I think I can also (definitely) relate to feelings of  being self- conscious in public. My goodness, I would be uber rich if I had $ everytime I thought I was being stared at!!

One thing I've found incredibly helpful, is to switch my focus & begin counting my breaths.

 

In breath 1. Out breath 2. In breath 3. Out breath 4...etc When I get to 10, I go back to the start at 1 again. 

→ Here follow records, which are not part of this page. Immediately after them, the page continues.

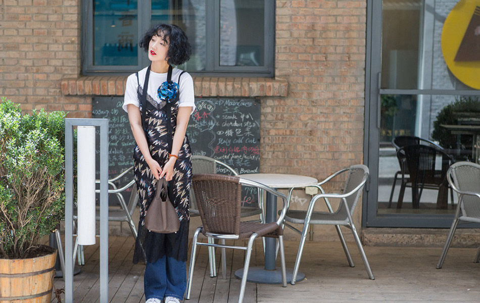 張瑤下搭牛仔喇叭褲照 整身LOOK都飄逸活潑
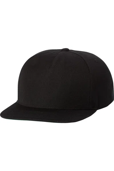 Flat Bill Snapback Cap In Black
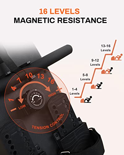 [16 Levels Magnetic Resistance] The no-touch magnetic resistance system and improved belt drive system give you a quieter, smoother rowing experience. The adjustable resistance options from levels 1 to 16 offer you ideal tension for each training phase, maximizing your workout.
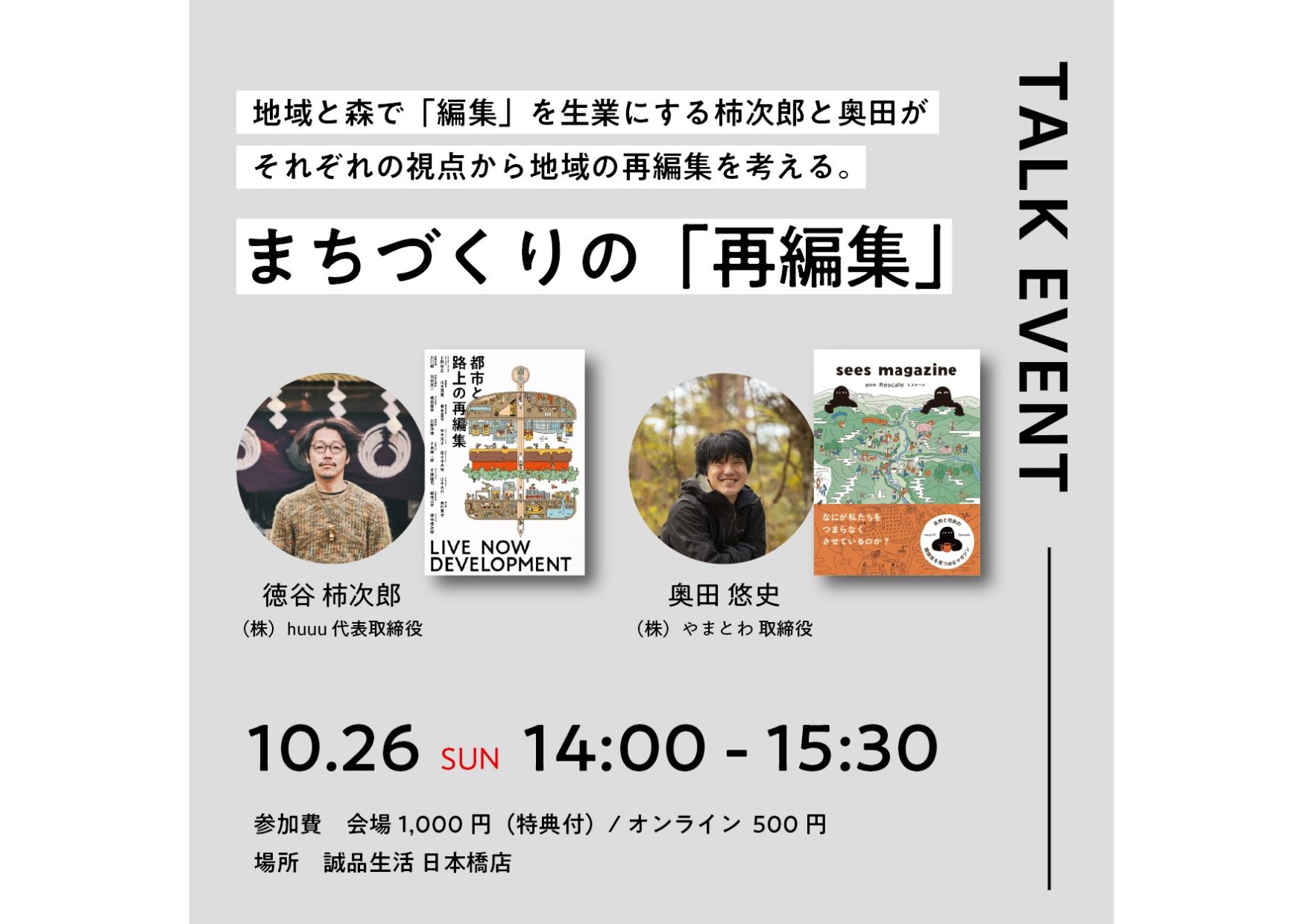 誠品生活日本橋にて開催。“まちづくりの「再編集」”奥田が徳谷柿次郎氏とトークイベントを行います
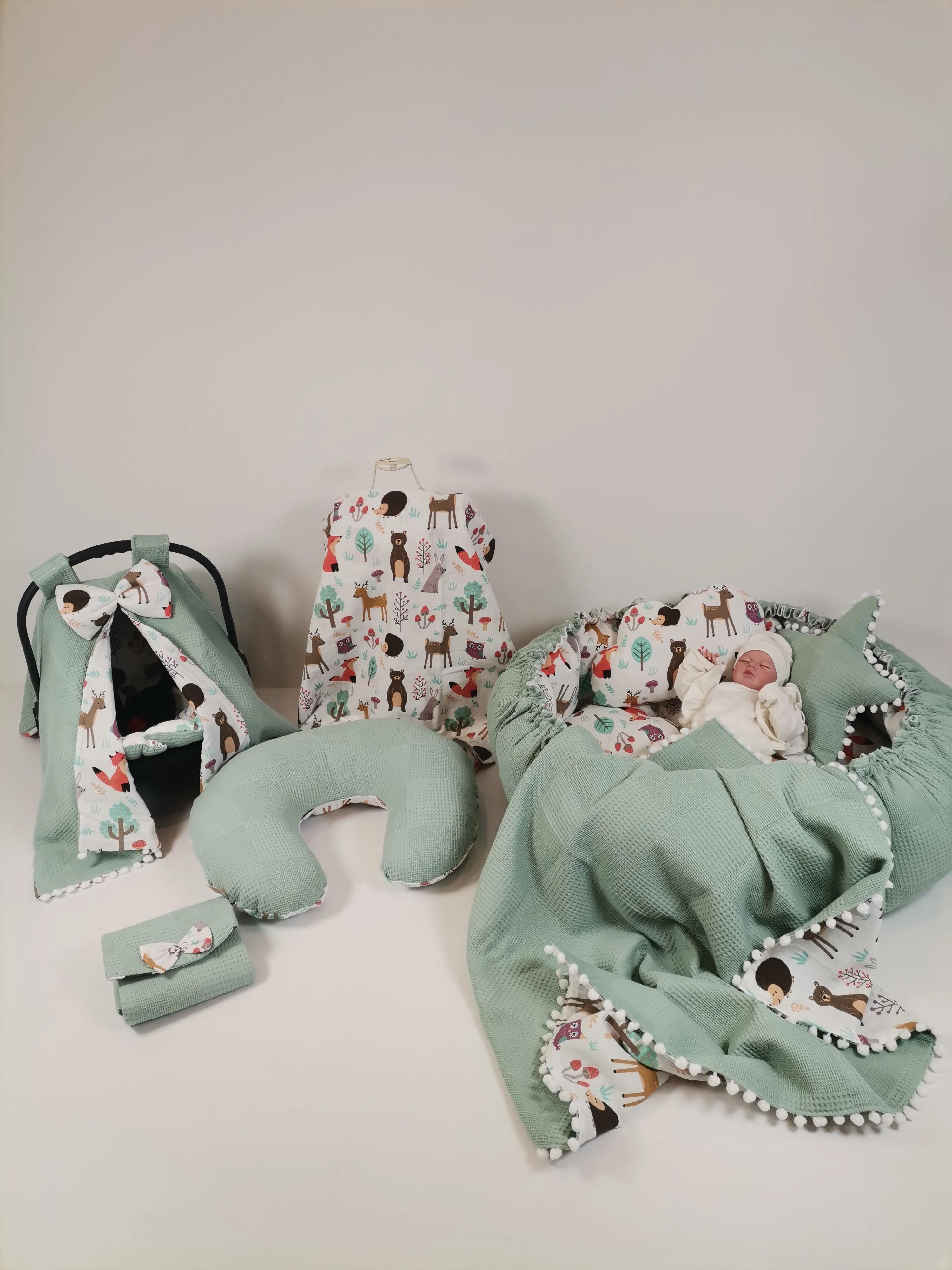Waffle pike ve müslin kumaştan üretilen Yuvarlak babynestli 9 lu setimiz ;

If I lose track, no problem, start back at 1 again. It sounds simple, yet requires immense concentration when in public, & I completely forget about my anxieties. I learnt the technique from smiling Mind app.

 

Thanks again for sharing. It's so incredibly brave to talk about the sexual abuse that happened to you as a child. It's brave❤️ & I'm very sorry that happened to you.

 

Maybe you are reliving your own childhood that was stolen? Maybe, you are also connecting with her innocence & providing great protection? Maybe, it's simply an awesome experience! Idk.. I think I might be being reflective now?!  Oh well, it can be good to think about things from different angles.

 

Yes, I agree with @NatureLover & love the way you expressed it!  Accepting happiness into ones life, is a process of trusting yourself, & trusting life. Little portions over time. It feels strange! I think each time, it begins to feel more 'normal'.

 

I click and gel with them so well. I feel safe with them. I feel their honesty. I feel like a kid myself. I also feel like they look to me and ‘need’ me

 

I feel this exact same way @BPDSurvivor Children are beautiful, & they can really sense adults that are protective & genuine💜 They are looking for people who are safe I think. I don't want to lose my inner child either - it can be problematic, tho it is worth it, for me. Children (and animals🙂) are great for reminding us who we are, what's really important & how it feels to be ourselves with zero judgement.

 

Xx

 

 

 

Re: Mental Health & Happiness

Another thing about kids is that they are brutally honest @maddison @BlueBay . They tell you how it is. So when things come out of there mouths, I take it seriously eg How come you used to say…. But know you say….

 

 They pick up and sense everything! They know what is fair and unfair.

 

I had my niece with me for parts of the day today. We read together. We read about Indigenous history in the book Young Dark Emu, we read about Ned Kelly, as well as the titanic and World War 2. She loves history. She’s 6 years old… next is about the Berlin Wall and the Holocaust (kids version of course). We’ve started reading a little of Jewish history, but we got side tracked to Ned Kelly. 

Oh well, if she’s interested, I’ll read it with her.